GCC, Clang and Intel report 9734 points in [20, 21[ and display a pattern that is quite similar to an isosceles triangle:
00 *
01 ***
02 *****
03 ********
04 ***********
05 **************
06 ***************
07 ******************
08 ********************
09 ************************
10 **************************
11 ****************************
12 *******************************
13 *********************************
14 ***********************************
15 ***************************************
16 *****************************************
17 ******************************************
18 **********************************************
19 ************************************************
20 ************************************************
21 *********************************************
22 *******************************************
23 *****************************************
24 **************************************
25 ************************************
26 **********************************
27 ******************************
28 ****************************
29 **************************
30 ***********************
31 ********************
32 ******************
33 ****************
34 *************
35 ***********
36 *********
37 ******
38 ***
39 *
Values in interval [20, 21[ : 9734
Unfortunately, Visual Studio Nov 2012 CTP gives this:
00 ********************************************** [truncated]

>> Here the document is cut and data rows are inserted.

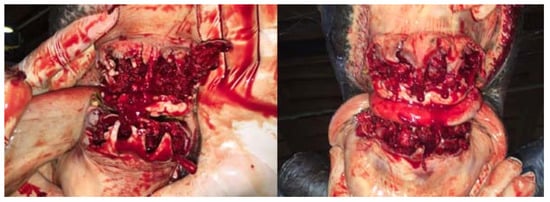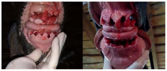 The condition of the tooth extraction sockets during the first change of alveolar dressings 9 days after the procedure (on the left—case 1, on the right—case 2). The horse undergoing hyperbaric oxygen therapy (case 1) had less swelling, faster gingival shrinkage and faster filling of the alveoli with granulation tissue.
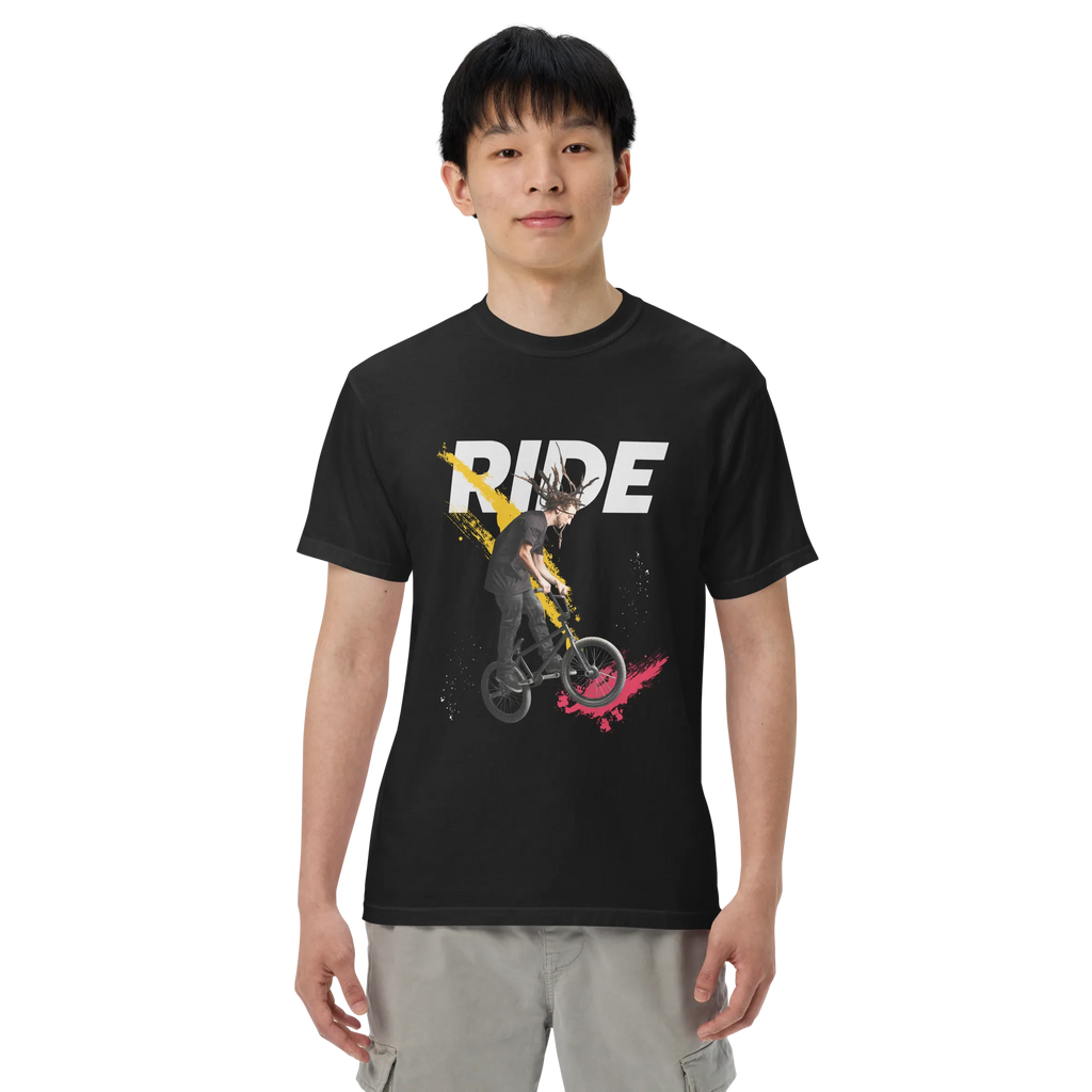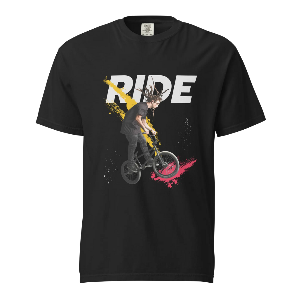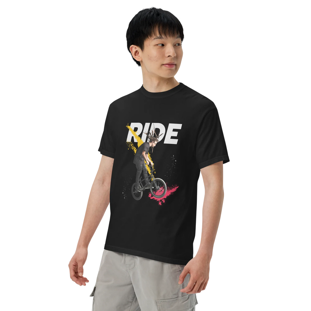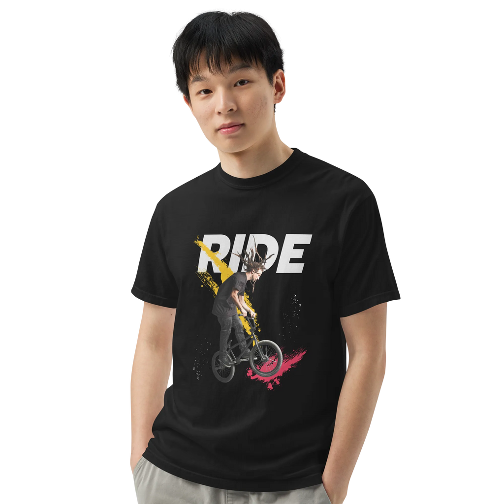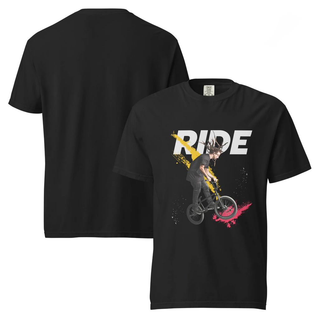 Built for Speed. Made for Comfort. For those who move with purpose, the RIDE tee captures the thrill of the road and the freedom of the ride. Featuring bold, minimalist typography and a sleek racing cycle graphic, this t-shirt fuses athletic inspiration with everyday style. Crafted from ultra-soft, garment-dyed cotton, it offers lasting comfort with a sharp, structured silhouette.
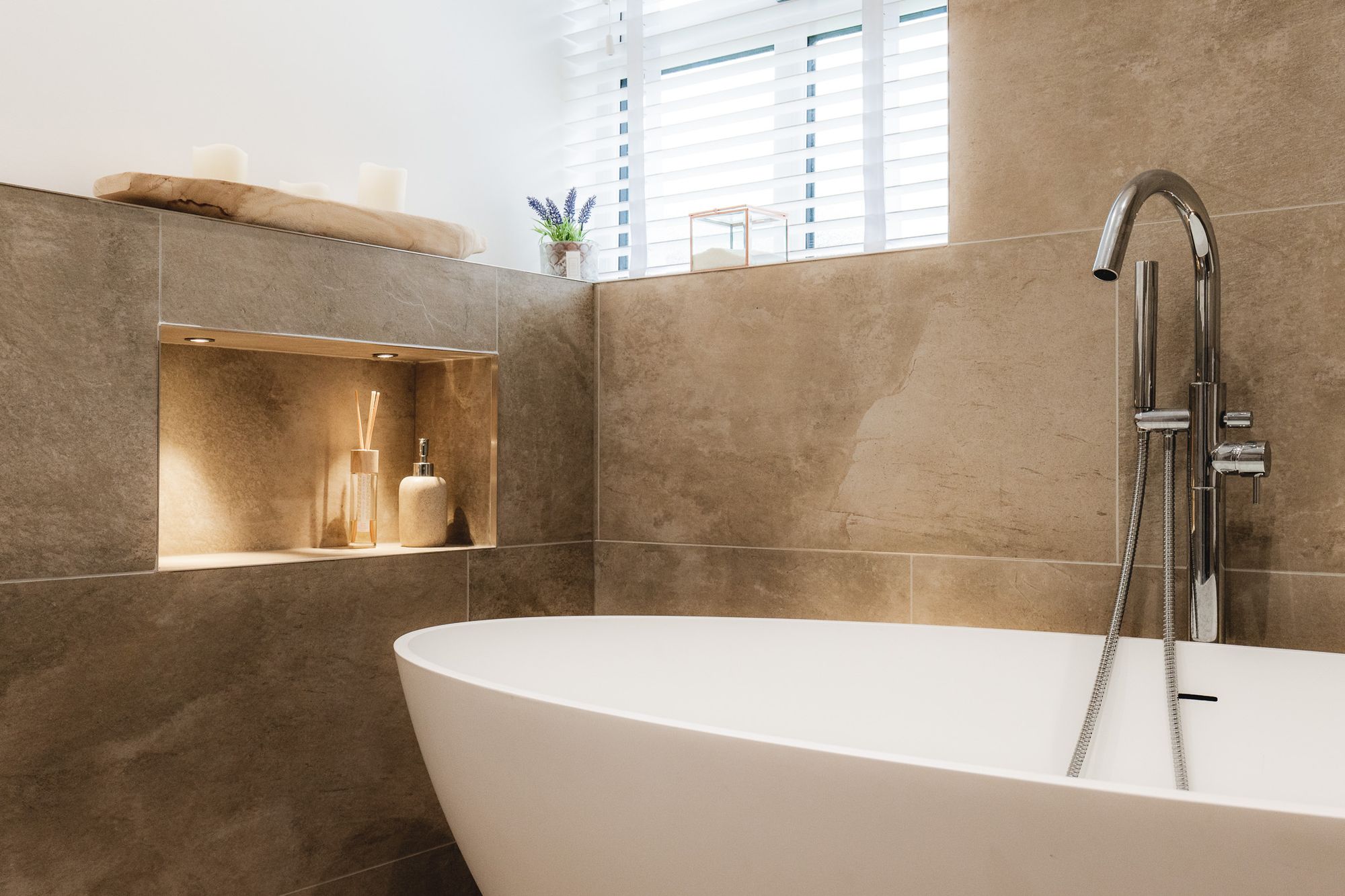 Also offering a luxurious, spa-like experience, is the main family bathroom, dressed in soft stone hues and warm, ambient lighting. Slip away from the hustle and bustle of family life and soak away the aches in the freestanding, egg-shaped bath with showerhead attachment, candles flickering, and glass of wine waiting in reaching distance in the tiled alcove to the side.
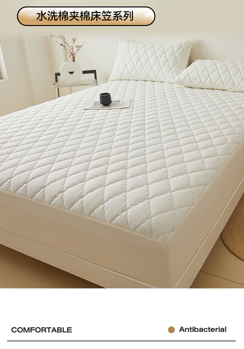 (总)雯豆家纺 2025新品外贸亚马逊纯色防水夹棉床笠跨境电商速卖通床罩可定制尺寸
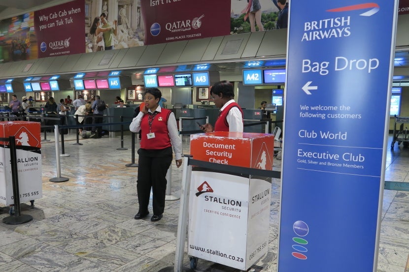 Contract security staff checked your documents before allowing you to approach the bag drop counter.
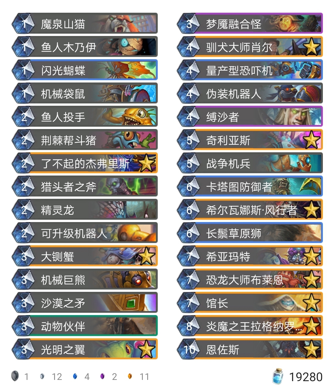 先对单卡做一波解释:1.之前我是带御猫的,但是玩着玩着我发现我经常用姐夫去找杀手蟹,鱼人骑对局和萨满对局都有找,于是把御猫换成了杀手蟹,打萨满能杀个121血赚至少三个回合节奏吧
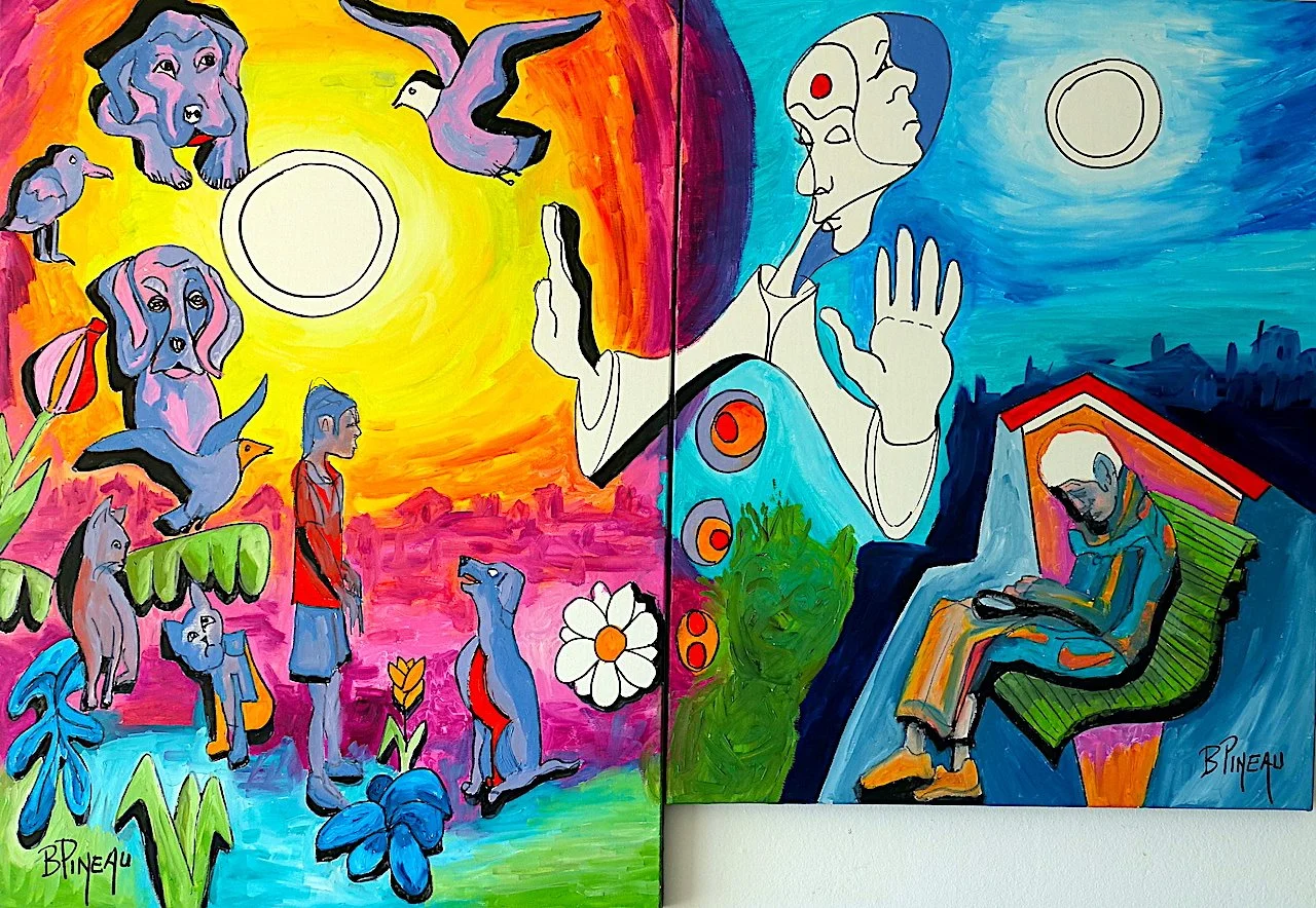La peinture de cet artiste s’inscrit dans une quête intérieure, à la croisée de l’art et du sacré. Il explore un sacré intime, accessible à tous, loin des dogmes et proche de la conscience. Inspiré par des traditions comme le Taoïsme, le Bouddhisme, l’Alchimie ou la Kabbale, il peint avec ou sans croquis, après un moment de méditation, laissant parler sa conscience à travers des formes et symboles universels. Chaque œuvre est une étape d’un chemin spirituel. Numérotées dans l’ordre de leur création, ses peintures forment un récit vivant. Certaines peuvent devenir, pour celui qui regarde, des déclencheurs de prise de conscience. En Inde, on appelle cela un Upaguru.

01 **********************************************
02 ***********************************
03 *****************************
04 **************************
05 ***********************
06 *********************
07 ********************
08 *******************
09 ******************
10 *****************
11 ****************
12 ***************
13 **************
14 **************
15 **************
16 *************
17 *************
18 *************
19 ************
20 ************
21 *************
22 *************
23 *************
24 *************
25 **************
26 ***************
27 ***************
28 ****************
29 *****************
30 ******************
31 *******************
32 *******************
33 *********************
34 ***********************
35 **************************
36 *****************************
37 ***********************************
38 **********************************************
39 ********************************************** [truncated]
Values in interval [20, 21[ : 2496
Notes:
I've truncated Visual Studio output for better displaying.
A better estimate for the number of points in [20, 21[ is 200,000 * (0.5 * (f(20) + f(21))) * (21 - 20) = 100,000 * (1/20 + 1/20 - 1/400) = 10,000 - 250 = 9750.